Quote from Aileen I. Fernandez, PhD.

Background

Rimm and colleagues pursued the study because of the success of trastuzumab deruxtecan (Enhertu; AstraZeneca, Daiichi Sankyo) in treating women with nonamplified ERBB2 (HER2) breast cancer. “About 15% of breast cancer shows amplification of the ERBB2 gene,” Rimm said. "Gene amplification leads to more than 1 million copies of the HER2 protein in breast cancer cells.”

Rimm said treatment with trastuzumab (Herceptin, Genentech) has been successful among such patients for more than 25 years.

David L. Rimm, MD, PhD
David L. Rimm

“The new drug, trastuzumab deruxtecan, works on patients with many fewer copies of the HER2 protein — maybe as few as 10,000 to 20,000,” Rimm said. “So now, instead of 15% of breast cancer cases, as many as 60% to 70% of breast cancers may respond. The problem is that the assay designed to pick out the 15% of cases with more than 1 million copies of the protein does not work well to distinguish patient tumors with no copies of the protein from patient tumors with 20,000.”

Methodology

Rimm and colleagues evaluated College of American Pathologists’ proficiency surveys for HER2 expression in breast cancer from 2019 and 2020. Their analysis included scores from 1,391 to 1,452 laboratories of 40 HER2 cores from each laboratory — 20 cores twice a year, for a total of 80.

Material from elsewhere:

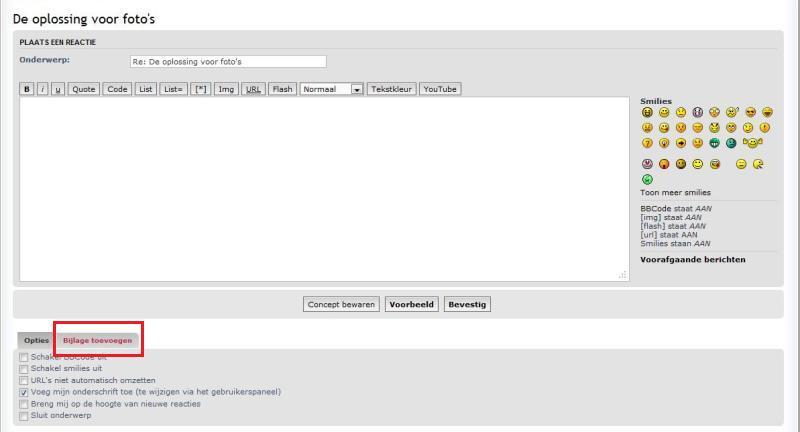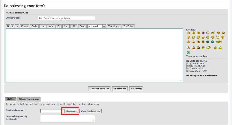 Hier is de werkwijze voor het plaatsen van foto's via het forumsysteem in 6 stappen met foto's:

The researchers used the HER2 assay as they would in their own laboratory and scored the two-tissue microarray. They summarized the relative frequency and distribution of each score given to every HER2 core.

Additionally, they collected a second, independent analytic data set of breast biopsies done in 2018 from the archives of the department of pathology at Yale. Eighteen board-certified pathologists read the set, which was enriched in cases with HER2 scores of 2+ and 3+.

Determining the suitability of the current standard HER2 immunohistochemistry assays to select patients with low HER2 positivity for trastuzumab deruxtecan served as the study's primary objective.

Key findings

Results from the College of American Pathologists surveys showed 19% of the cases read by 1,400 labs generated results with less than 70% agreement between a HER2 score of 0 vs. 1+.

The 18 pathologists in the second part of the research read the same slides from a selected set of breast cancer biopsies, resulting in only 26% agreement among them on scores of 0 and 1+, compared with the 58% concordance between 2+ and 3+, because of the poor quality of the current test in the critical range for trastuzumab deruxtecan, researchers reported.

“This paper is among (or the) first to identify this issue, and hopefully we will soon see commercially available assays designed for these new drugs,” Rimm told Healio. “Note that current FDA approval for trastuzumab deruxtecan is only for the ERBB2-amplified cases, but recent data suggest that soon the FDA will approve the drug for unamplified cases.”

Implications

Because of trastuzumab deruxtecan’s efficacy, Rimm and colleagues believe patients may be misassigned for treatment or for no treatment if the decision depends on performance of the current standard HER2 assays widely used globally. The problem could be fixed with new assays that stratify cases with lower HER2 expression, combined with standardization of the assays with calibration slides, they wrote.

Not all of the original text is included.